MOWAA Listening Sessions

MOWAA is Listening
Over the coming months, MOWAA will host a series of Listening Sessions across cities and spaces in Nigeria, West Africa and the African diaspora. Conceived as a period of reflection and exchange, the programme invites the public to shape the future of the institution by lending their voices, ideas and critiques. It is grounded in a simple conviction: that museums are not built in isolation but through ongoing conversation with the publics they serve.

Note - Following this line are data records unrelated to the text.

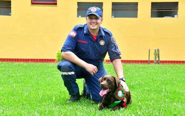 Soldado David Canever e cadela Léia, de Porto União, pertencente ao 9º Batalhão de Bombeiros Militar, com sede em Canoinhas;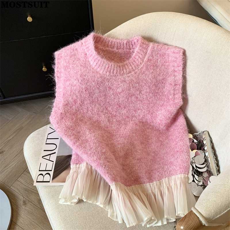 Women Sweater Vest Pullover Elegant Fashion Loose Ladies Tops Sleeveless O-neck Stylish Chic Female Jumpers Knitwear 2025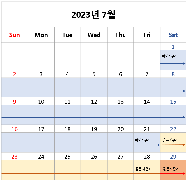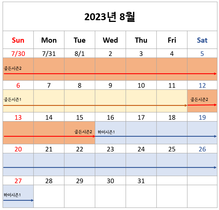 앞에서 말씀드린대로 2023년 경주월드 캘리포니아비치는 시즌을 하이시즌, 골드시즌1, 골드시즌2로 구분했습니다. 하이시즌도 사실 1/2로 나눠져 있는데 요금에 구분이 없어 따로 구분하지 않았습니다. 쉽게 생각해서 성수기는 골드시즌1, 극성수기 및 광복절 휴일 주말은 골드시즌2라고 생각하시면 됩니다. 그 외에는 전부 하이시즌입니다. 아래 달력으로 표시해 드리겠습니다.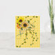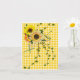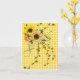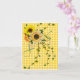 Buquê de girassol amarelo com mariquinhas e joias sobre fundo de colcha de gingham para um cartão de nota de vazio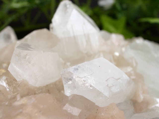 一見水晶のようなクラスターで産出するアポフィライト。 しかし水晶よりも輝きが強く、さらに同じグループの鉱物であるスティルバイトやヒューランダイトなどと共に多彩な結晶で産出する、天然石の魅力をたっぷりと感じられる鉱物です♪ 和名の魚眼石というのはその輝き方が魚眼に似ていることからきており、特殊な輝きは他鉱物には無い神秘的な魅力があります! またアポフィライトは強力な浄化の石と云われ、天然石アクセサリーの浄化のみならず、空間浄化にもおススメです♪ スティルバイトやヒューランダイトは特殊な形状で産出し、花が咲いたように広がった形状は天然とは思えない美しさです♪ 上質な品のみの厳選にも関わらず低価格での販売です!! 【ゼオライトグループの石】 ・アポフィライト・グリーンアポフィライト 透明・またはグリーンで産出する石で、独自の輝きと四角錐や四角柱状の結晶が特徴。 特にグリーンアポフィライトは希少で、中でも四角ではなく尖った結晶はさらに希少。 透明な物は微細な結晶が集まったドゥルージー状で産出することもあり、大きな結晶はダブルポイント状で産出することもある。 ・スティルバイト オレンジや白い結晶で、アポフィライトと共に産出することが多い。 薄い板状の結晶が幾重にも集まった形状で、先端は緩く尖っている。 ・ヒューランダイト 透明・薄ピンク・オレンジ色などで産出し、薄い板状の結晶が幾重にも集まった形状。 横から見ると菱形の結晶で、スティルバイトと似ているが先端は鋭角に尖っている。 【意味合い云われ・伝承等】 アポフィライトは、心の目、第三の目を開くとされており、直感力や洞察力、霊力を授ける石とされています。 問題解決の手助けをするヒーリングやカウンセリングによく使われることがあります。 強力な浄化作用があり、ストレスを軽減し、精神的な閉塞感や否定的な思考パターンを解放してくれると言われています。 |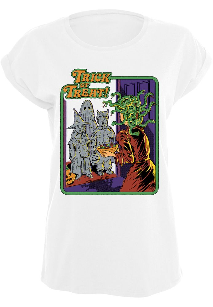 Das T-Shirt zeigt drei Kinder, die beim "Süßes oder Saures" von der Medusa versteinert werden.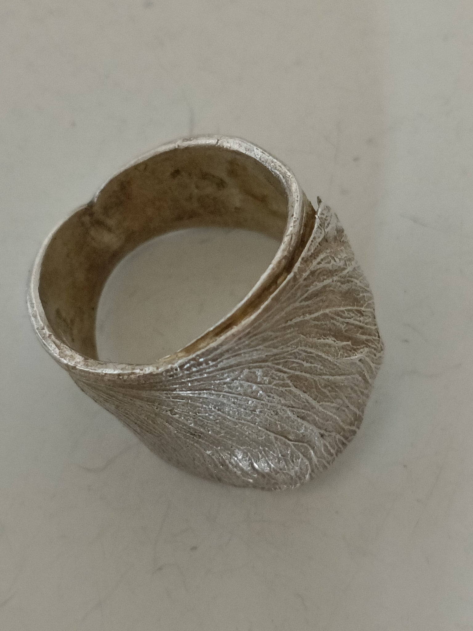 Magnifique bague cire perdue en argent massif,feuille de ginko. Poinçon bijoutier à identifier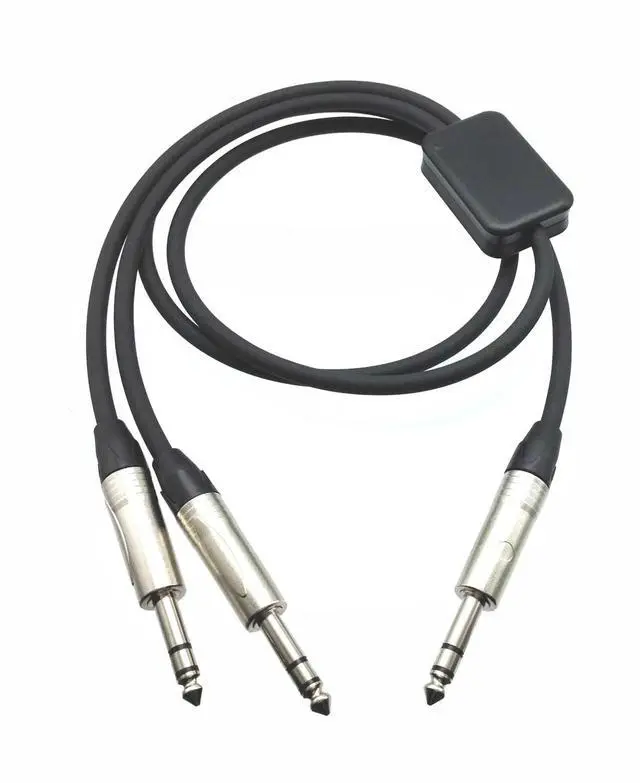 CABLE FORMAT: 3 conductor TRS (male) to 3 conductor (2) TRS (male) connectors.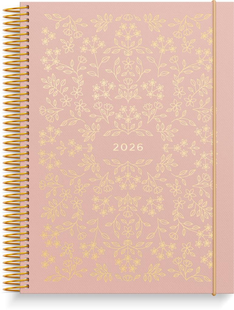 Format: A5. Abmessung: 215 x 160 x 20 mm. Layout: Woche/2-Seiten. Vertikal. Kalendarium: 2025-12-15 - 2027-01-03. Einband: Karton mit Struktur. Spiralgebunden. Einzelheiten: Elastisch. Bewegliche Plastikregisterkarten. Papiertasche. Inhalt: Stickerbogen. Seitenzahl: 160. Umweltinformationen: FSC® .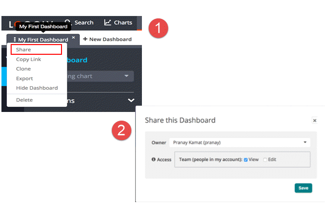 Share. Opens the permission window where you can change owner and set view or edit permissions for the dashboard.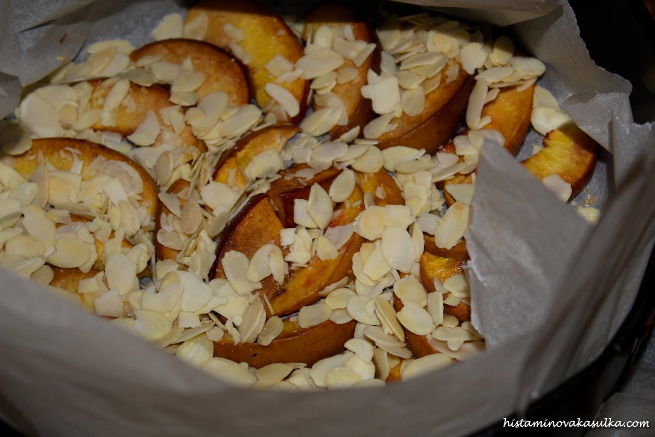 Nektarinky omyjte a nakrájejte na středně silné plátky (rozčtvrťe, vyjměte zbytky středu a rozkrajte na plátky). Plátky naskládejte do formy, lehce poprašte třtinovým cukrem a vložte na 15 minut péct do trouby. Poté vyjměte, posypte mandlemi a skořicí a zapečte dalších 5 minut. Vyjměte a nechte vychladnout.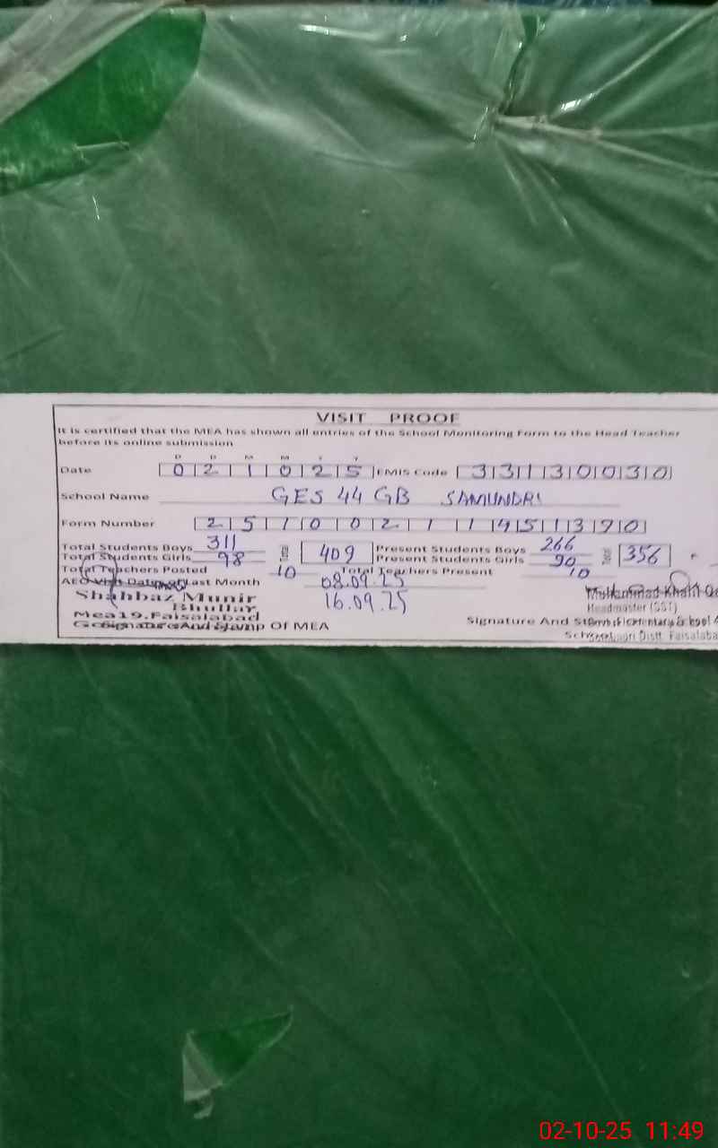 | EMIS Code: 33130030 | Name of School: GHS CHAK 44 GB SAMUNDRI | |||
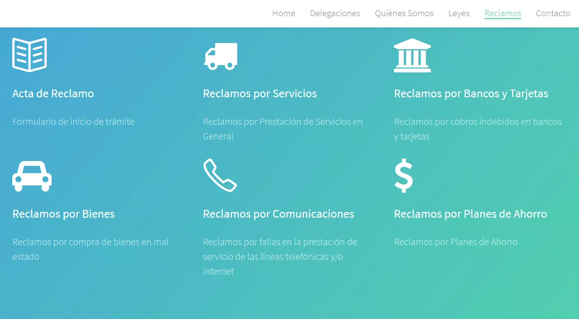 El sitio ofrece información para realizar reclamos (formulario de contacto) ante hechos como errores en facturación, publicidad engañosa, incumplimiento de ofertas o de garantías, entre otras irregularidades posibles. La dependencia pública tiene la misión de velar por la protección de los derechos de los consumidores en todo Neuquén, poniendo de relieve que la política de Defensa del Consumidor es parte de un proyecto de país inclusivo.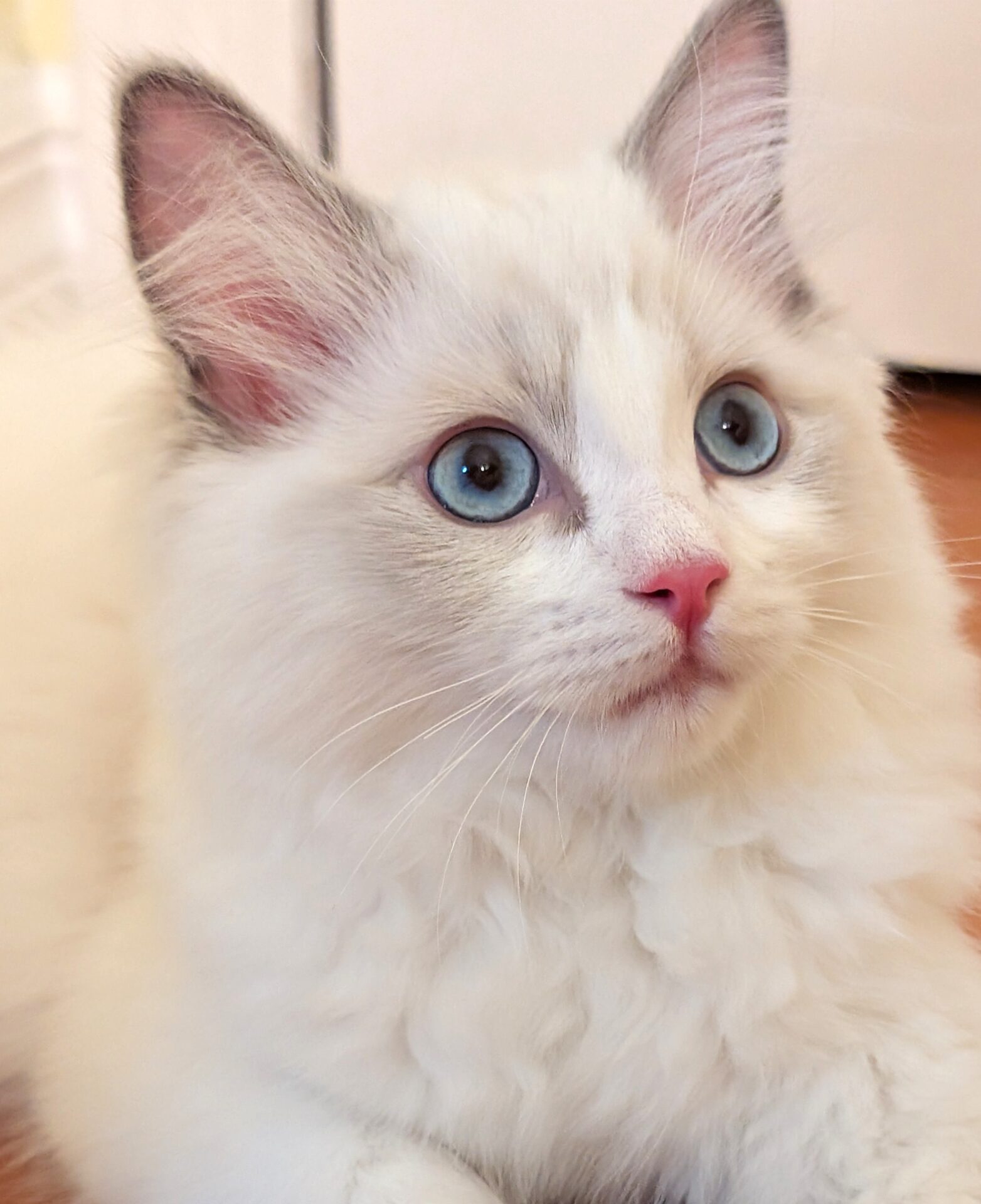 King is a handsome Blue Bicolor cat. With his gentle and adorable personality, his fur is as soft as a bunny’s, and his deep blue, gem-like eyes can instantly melt the heart of anyone who meets him. King is both calm and energetic, always following us around and keeping us company. He thoroughly enjoys being groomed and cuddled, often purring happily to show his affection. King originally came to us from a TICA-registered cattery in New York.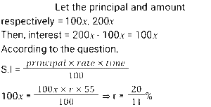 3. After 55 years, a sum invested at simple interest at the rate of r percent becomes twice of itself. What is the value of 'r'? [SSC MTS 10/05/2023 (Morning)]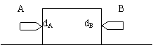 在光滑的水平面上,静止着长为L的方木块M,现有A、B两颗子弹,沿同一轴线,以水平速度VA、VB且VA<VB从M两侧同时射入方木块,A、B在木块中嵌入的深度分别为dA、dB,dA+dB<L,而木块却一直保持静止,如图所示。则:( )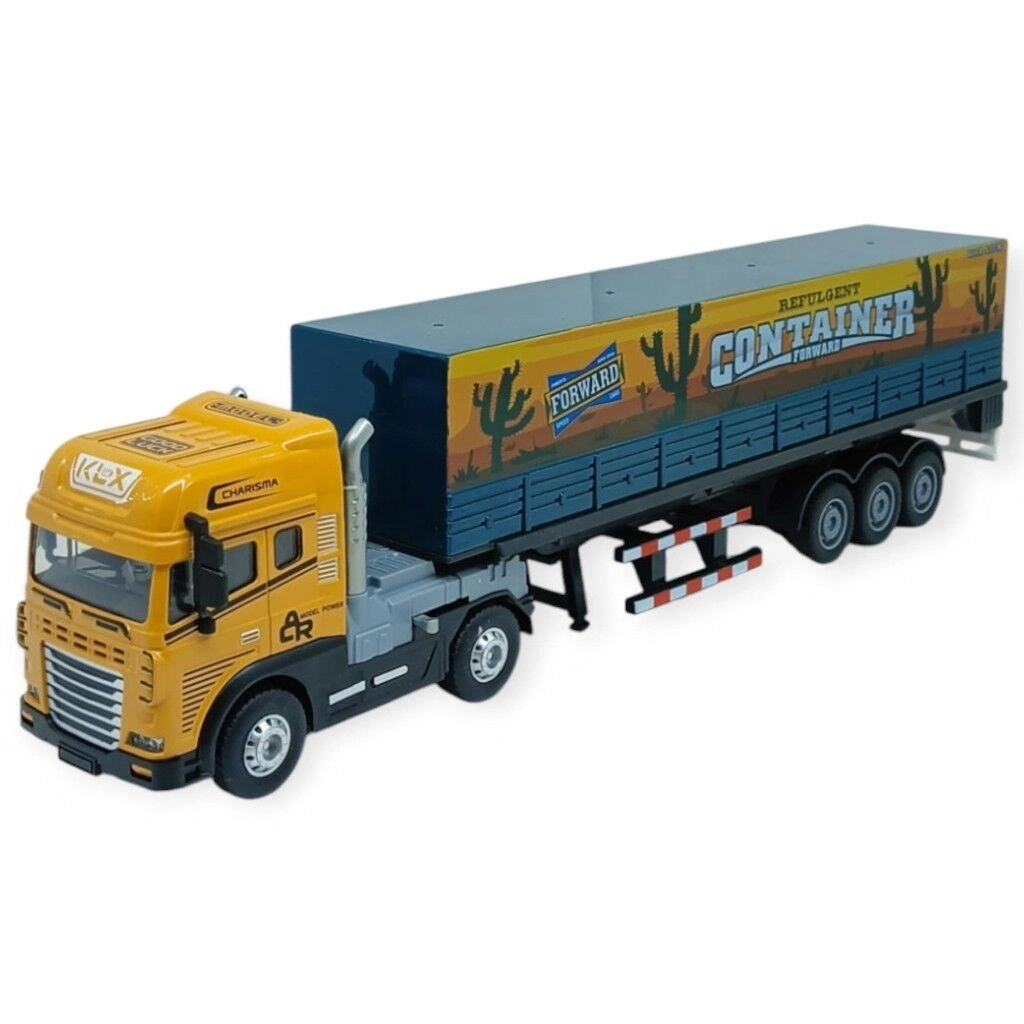 Metal Tır 1:24 - Sesli Işıklı Konteyner Taşıyıcı Tır 39 cm - Sarı

The MOWAA Listening Sessions emerge from a moment that has called for careful reflection. The incident at our preview event last November was a difficult and sobering moment for the institution, as well as for the artists, collaborators and communities who have engaged with our work over the past several years. It brought into focus the extent to which cultural practice is always entangled with history, politics and civic responsibility. Engagement with heritage often brings competing perspectives into conversation, and the debates that follow are part of the broader cultural landscape in which institutions operate. Moments such as this ask institutions not only to respond, but also to reflect on how they listen, how they learn and how they remain accountable to the communities they are built to serve.
Through a series of conversations, workshops and exchanges, MOWAA’s Listening Sessions will take place from March through May, combining in-person conversations with accessible online engagement. These encounters will bring a wide range of voices into dialogue – from emerging and established artists to heritage practitioners, from committed art audiences to those who may never have visited a museum before. By gathering and interpreting the insights that emerge from these encounters, we hope to deepen our understanding of how custodianship might be imagined in a contemporary African context, and how cultural institutions can remain meaningfully embedded in civic life.
As Phillip Ihenacho, MOWAA Director, notes:
“The work of building cultural institutions, wherever they may be, is challenging, but deeply important. Museums have the potential to create spaces where history, education, culture and public life meet. Our commitment is to continue shaping MOWAA into an institution that listens carefully and grows in dialogue with the communities it serves.”

The first activation of MOWAA’s Listening Sessions took place this past weekend in Lagos, Nigeria at the +234 Art Fair. Titled The Forum, we created an open platform for visitors to reflect on what cultural institutions can be, what they should represent and whom they should serve. Over the course of several days, hundreds of participants contributed their perspectives, in writing and through audio recordings, offering reflections that ranged from personal experiences of heritage and belonging to broader questions about access, representation and institutional responsibility. Conceived as an itinerant platform, The Forum will travel between cities as part of MOWAA’s broader Listening Sessions programme,
As Ore Disu, Director of the MOWAA Institute, reflects:
“Museums are often understood as places where knowledge is presented to the public, but institutions are also shaped by the publics they serve. From its inception, MOWAA has sought to listen through workshops, conversations and collaborations with artists and communities. Every culture has its own way of listening, and transmitting ideas through storytelling, orality and acts of coming together. This iteration of the Listening Sessions embraces approaches intuited in our African traditions and builds on ourpast work of active listening, influencing how we learn as MOWAA continues to take shape.”